№ 002agents · long-running workflows filed may '26

The overnight research agent that doesn't run away.

Hard limits, tool gates, and the kill-switch we wish we'd added day one.

This is the setup for a research agent that runs unattended and stops itself if anything looks wrong. Five tools, one goal, three hard limits, three independent kill-switches, a full trace.

What you'll have when you finish: a scheduled overnight job that reads 40 sources, summarizes the new material to a JSON schema, drops a brief in your inbox by 6am, costs ~$2/run, and never bills past $5.

Accounts you'll need: console.anthropic.com · inngest.com · browserbase.com · supabase.com · langfuse.com. All free or under $30/mo to start.

01

The stack — five tools, ranked.

  • 01 Anthropic API — Sonnet 4.6 + tool use daily
  • 02 Inngest — durable queue, dedup, retry daily
  • 03 Browserbase + Playwright — sandboxed browsing daily
  • 04 Supabase Edge Functions — tool endpoints weekly
  • 05 Langfuse — traces, cost, replay daily

Anthropic does the thinking. Inngest holds the job and survives a crash. Browserbase keeps the agent off your machine. Supabase hosts the tool functions. Langfuse is how you sleep at night.

02

How to apply it.

  1. 01goal

    Write the goal as a contract.

    One sentence. One verb. One scope. One output format. Example:

    "Read the 40 URLs in source_list.json, summarize any article published in the last 24 hours that mentions one of the 12 tickers in tickers.json, output one JSON object per match to store_summary()."
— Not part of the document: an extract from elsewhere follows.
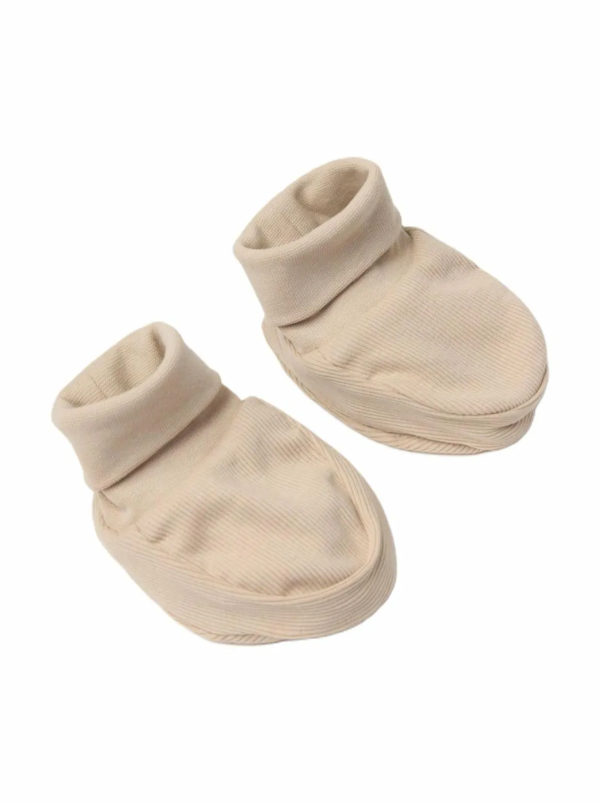 Lindexin tossut vastasyntyneille on valmistettu pehmeästä puuvillasta, johon lisää mukavuutta ja joustoa ripaus elastaania. Tossuissa on käännettävät reunukset.

    Now write three explicit success checks: (a) at least one valid record OR an explicit "no matches" record with timestamp, (b) every output parses against your JSON schema, (c) total output under 2,000 tokens.

    If any check fails, the agent calls flag_for_review() and stops. "Done" isn't a state for an LLM — these three checks are.

  2. 02tools

    Build the tool set — five tools, hard limits.

    Define exactly five tool functions in your Supabase Edge Functions project. The full vocabulary the agent has:

    fetch_url(url) — fetch a single URL
    parse_article(html) — extract title, body, published_at (throws if body < 100 chars)
    search_internal(query) — check for duplicates
    store_summary(json) — write a validated record
    flag_for_review(reason) — stop the run, surface to a human

    Allow-list the domains in fetch_url. Add a regex check at the top of the function: the URL must match your allow-list or the function throws. This single line of code prevents the largest class of agent failures.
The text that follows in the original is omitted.